The main things to watch are good tool support with minimum overhang and keep the cuts small until you get a feel for it.

A surprising amount of work can be achieved with the basic tools.


----------



## gasmansteve (26 Sep 2007)

Hi Chas
Thanks for that. I forgot to add that the wood was quite green felled about 2 months ago not sure if thats relevant. I rough ground it to a cylinder and then shaped it with a spindle gouge and then made a flange. Turned it round in the lathe holding it with my Supernova chuck and then tried to hollow it out at which point it flew out at me after what can only have been a slight dig in and hardly any pressure. Same night I also tried making an apple on a screw chuck and again when I tried to form the base with the spindle gouge the ruddy thing flew out at me again. I looked round for Jeremy Beadle but no joy, think I need to join a club  .
Cheers
Steve


----------



## CHJ (26 Sep 2007)

gasmansteve":1o1frw7o said:


> ...a slight dig in and hardly any pressure. ....Steve



There is no such thing as a slight dig in I'm afraid, only some that you get away with.

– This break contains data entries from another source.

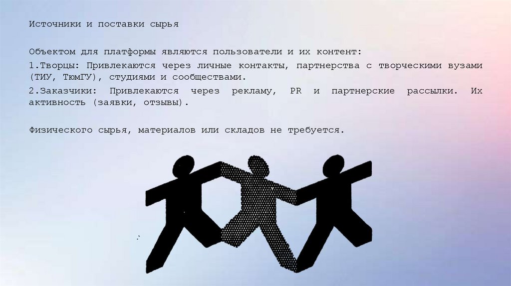 Источники и поставки сырьяОбъектом для платформы являются пользователи и их контент:
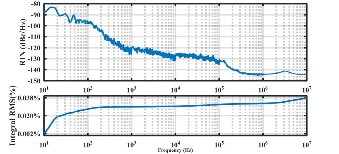 相对强度噪声:<-140 dBc/Hz@1MHz,同时保持极低的强度噪声(<0.04% RMS)与相位噪声。
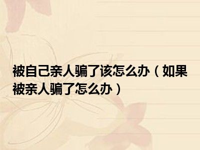 导读目前大家应该是对如果被亲人骗了怎么办比较感兴趣的,所以今天CC就来为大家整理了一些关于如果被亲人骗了怎么办方面的相关知识来分享给大家...
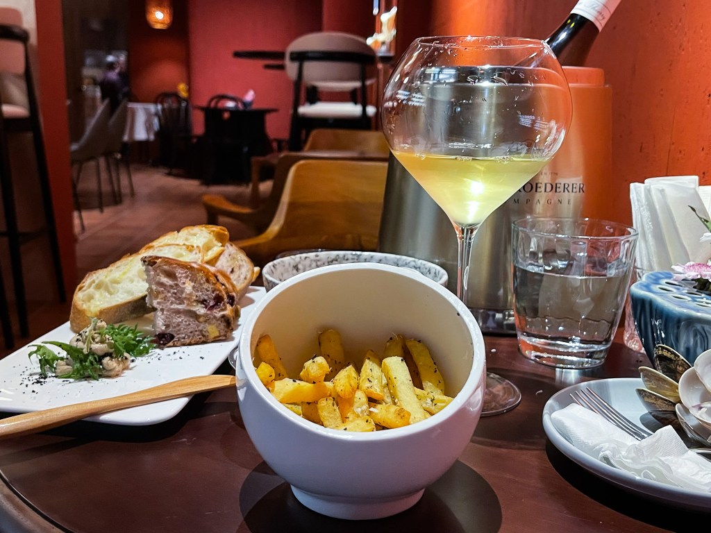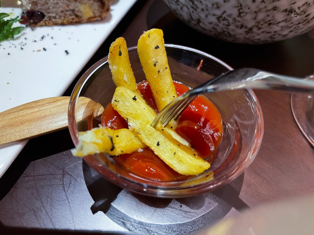 第一道是搭酒好朋友,「松露薯條」。

The very nature of a dig in if the tool is above centre line means that it is going to be forced in deep quicker than you can react.

You must make sure you always have bevel contact, and the position of this contact must be in line with the tool rest contact point, and never let an unsupported wing of the gouge contact the wood because it will twist and be forced down onto the rest with a dig-in thrown in for good measure.

If you use a scraper with no bevel support always cut below centre line on the outside of a cylinder and above centre line inside a hole, that way if it tends to dig in it will be pushed into free air and not into the wood.

Use of Spindle gouge may not be correct for what you are attempting, you may need to use a bowl gouge with differing bevel angle and grind to keep bevel contact.


----------



## Bodrighy (26 Sep 2007)

Be careful using a spindle gouge if you oer hollowing out, I have bent one doing that before I learnt the difference. Now I just damage the wood. Worst scenario the gouge could snap and that could be nasty. If in doubt, use a scraper, means a lot more work finishing but safer as long as you do as Chas says and make sure that the edge is below centre so that the wood is coming down onto it.


Pete


----------



## gasmansteve (26 Sep 2007)

Ta Pete. Its rapidly becoming apparant there`s more to this wood turning lark than I first thought. Just ordered a cheapo dvd off ebay `Turning wood` by Richard Raffan just to put me on til I learn how to do it properly
Steve :lol:


----------



## Anonymous (27 Sep 2007)

Eee by gum Steve!

Had you compressed on to a spigot or expanded into a rebate?


----------